William Joseph "Jap" Barbeau (June 10, 1882 - September 10, 1969) was an American professional baseball infielder. He played in Major League Baseball for four seasons, primarily as a third baseman with the Cleveland Naps, Pittsburgh Pirates, and St. Louis Cardinals. Listed at 5 ft 5 in and 140 lb, he batted and threw right-handed.

==Career==
Barbeau started his professional baseball career in the minor leagues in 1905, playing for the Columbus Senators of the American Association. In August, his contract was purchased by the major league Cleveland Naps and he spent the rest of 1905 and 1906 with them. However, he had a .194 batting average in 1906 and was released. Barbeau returned to the American Association, playing for the Toledo Mud Hens in 1907 and 1908.

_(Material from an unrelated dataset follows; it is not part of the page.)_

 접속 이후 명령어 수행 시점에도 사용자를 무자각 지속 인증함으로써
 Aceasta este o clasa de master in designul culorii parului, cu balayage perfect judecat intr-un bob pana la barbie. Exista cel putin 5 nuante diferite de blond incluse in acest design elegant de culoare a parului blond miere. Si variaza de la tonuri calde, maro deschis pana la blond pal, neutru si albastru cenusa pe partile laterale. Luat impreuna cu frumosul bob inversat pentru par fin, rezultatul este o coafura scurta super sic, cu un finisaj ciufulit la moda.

In 1909, Barbeau was the starting third baseman for the Pittsburgh Pirates, and was then traded to the St. Louis Cardinals in August. After a slow start in 1910, he was sent back to American Association, where he played for the Kansas City Blues, Milwaukee Brewers, and St. Paul Saints over the next several seasons. He also played one season in the Pacific Coast League, and one season in the Western League, last playing professionally in 1919.

Overall, in parts of four major league seasons, Barbeau batted .225 in 199 games. In 13 minor league seasons, he appeared in over 1500 games while batting above .290 at least three times; his minor-league records are incomplete for some seasons.